Shares in Roche and Genentech have slipped after late-stage data from a trial of their oncology agent Avastin showed that both the standard dose and a lower dose of the drug, in combination with chemotherapy, improved progression-free survival in patients with non-small-cell lung cancer.

In the Phase III AVAiL trial, more than 1,000 patients with previously untreated advanced non-squamous NSCLC received either the standard 15mg/kg dose of Avastin (bevacizumab) or a 7.5mg/kg dose in addition to chemotherapy, or chemotherapy alone. The data revealed that both doses of the drug, plus chemotherapy, significantly prolonged progression-free survival, compared to chemotherapy alone and the companies noted that while the study was not designed to compare the two Avastin treatment doses, a similar treatment effect in progression-free survival was observed.

The shares in the two firms have fallen because analysts have picked up on the fact that the success of the low dose arm of the study will lead doctors to use the lower, and therefore less expensive, dose in the majority of lung cancer patients. However, it is also being suggested that any sales impact of the lower dose will be offset by increased use of the drug overall.

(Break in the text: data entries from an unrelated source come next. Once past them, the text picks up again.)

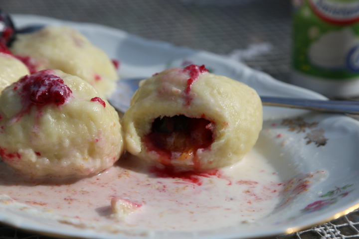 Wyjąć knedle i wyłożyć na talerz, polać słodką śmietaną i zajadać.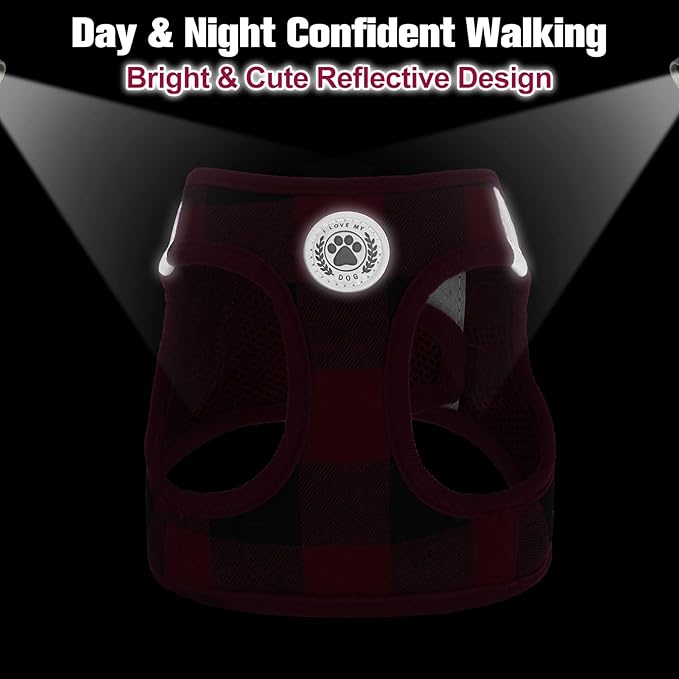- 🐶Comfortable and Reflective ---Adjustable dog harness features colorful plaid and breathable mesh fabric, comfortable to wear and will not stick to the dog?¡s hair. Reflective strips deign reflect ambient light in low light conditions, making you and your dog safer when walking and moving around at night without worrying about blurred vision in the dark.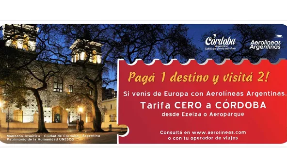 ¿En qué consiste? Todos los pasajeros extranjeros que lleguen al país por el Aeropuerto Internacional de Ezeiza o Aeroparque Jorge Newbery con vuelos originados en ciudades europeas tendrán tarifa cero en el ticket para el tramo Buenos Aires- Córdoba. ¿Qué tul?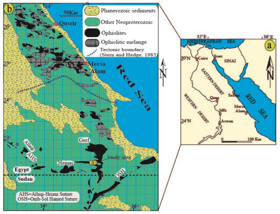 - El Bahariya, G.A. The Ophiolite-Dominated Suprastructure, Eastern Desert, Egypt. In The Geology of the Egyptian Nubian Shield. Regional Geology Reviews; Hamimi, Z., Arai, S., Fowler, A.R., El-Bialy, M.Z., Eds.; Springer: Cham, Switzerland, 2021. [Google Scholar] [CrossRef]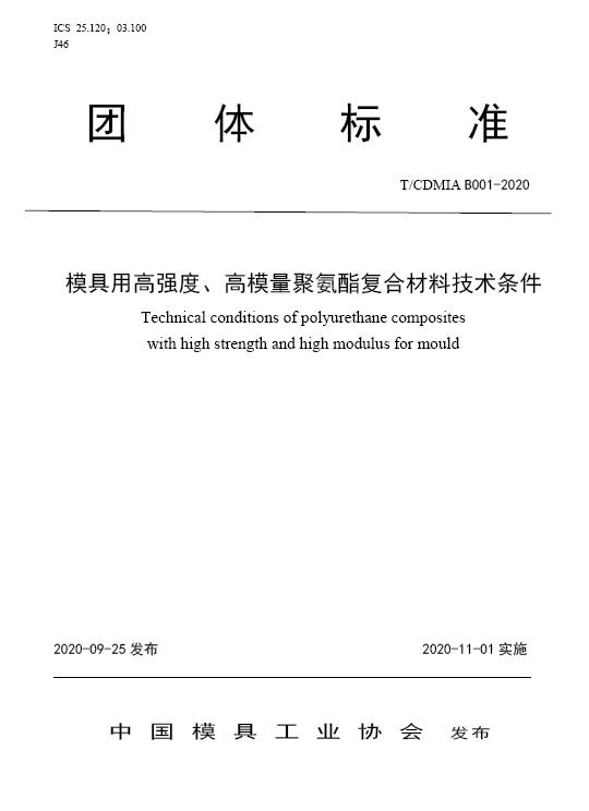 中國模協標準B001-模具用高強度、高模量聚氨酯復合材料技術條件-2020

Avastin may extend survival in brain tumour patients

This news comes on the back of another study which suggests that Avastin can slow the growth of certain types of brain cancer. A pilot study conducted at Duke University Medical Center has tested the effectiveness of the drug in conjunction with a standard chemotherapy agent in patients with recurrent cancerous brain tumours called gliomas.

The researchers found that the two drugs together halted tumour growth up to twice as long as comparative therapies. Although gliomas remain incurable in nearly all cases, “the combined drug therapy may buy precious time and preserve physical and mental function longer for patients facing this grim diagnosis,” the researchers said.

"These results are exciting because of the possible implications for a patient population that currently has the poorest possible prognosis going into treatment, those with malignant brain tumours that have recurred after initial treatment," said Dr James Vredenburgh, lead researcher on the study, the findings of which are in the Clinical Cancer Research journal.